Reading this is like watching an alien race trying to figure out why these
hairless primates are so fond of naked gymnastics. "It appears to be for
procreation, but they frequently use contraceptives, so that can't be it.
They're generally lazy, so exercise can't be the motivation. I know! It must
be a complicated sense of social obligation."

------
chipmunkninja
Let me be the first to jump in here and express a certain degree of
uncertainty with what the author has written.

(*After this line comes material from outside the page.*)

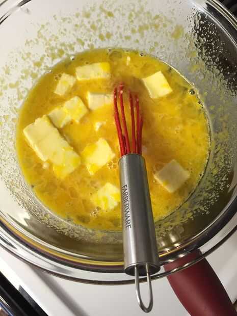 * Hay otras maneras para hacer cuajada pero el baño María ayuda a evitar que los huevos revueltos. Otra opción es colocar todos los ingredientes excepto los huevos en una salsa de pan y de calor, agregue un poco de líquido caliente a los huevos a los, luego viértalo todo de una vez en la cacerola y revolver hasta espesado.
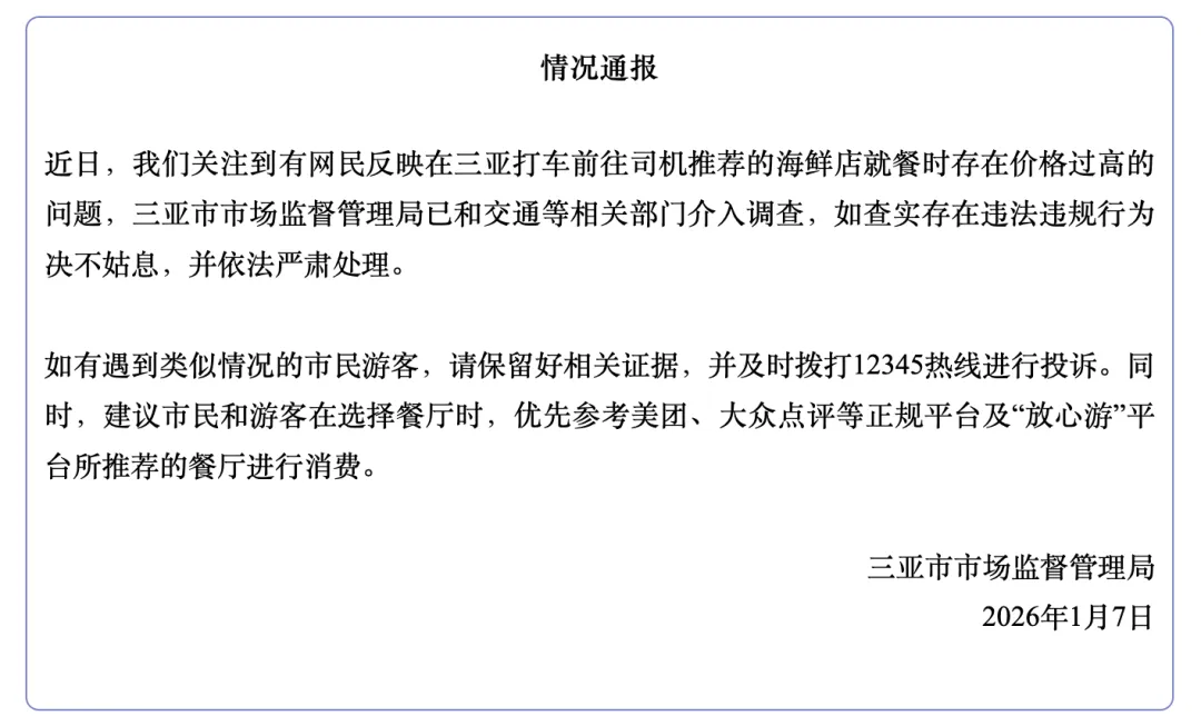 1月7日,三亚市市场监督管理局发布情况通报称,关注到有网民反映在三亚打车前往司机推荐的海鲜店就餐时存在价格过高的问题,三亚市市场监督管理局已和交通等相关部门介入调查。

While it does seem to be that, in Western societies, the societal pressure to
cooperate and reciprocate would encourage people to keep playing, in Asian
cultures (read: China), games like FV are based less on cooperation than on
"sticking it" to other people.

The local version of FarmVille here is called "Stealing Vegetables" by pretty
much everybody who plays it, and you get ahead by sabotaging or stealing your
neighbours' vegetables in addition to growing and protecting yours. Kitchen
games involve sabotaging ingredients, parking games stealing spots, and so on.

Indeed, a group of us were playing an iPhone game similar to FV called "We
Rule", and while it was interesting for the first couple of days, it became so
mind-numbingly dull that even the risk of annoying our friends couldn't keep
us on the game. Cooperation only motivates so far.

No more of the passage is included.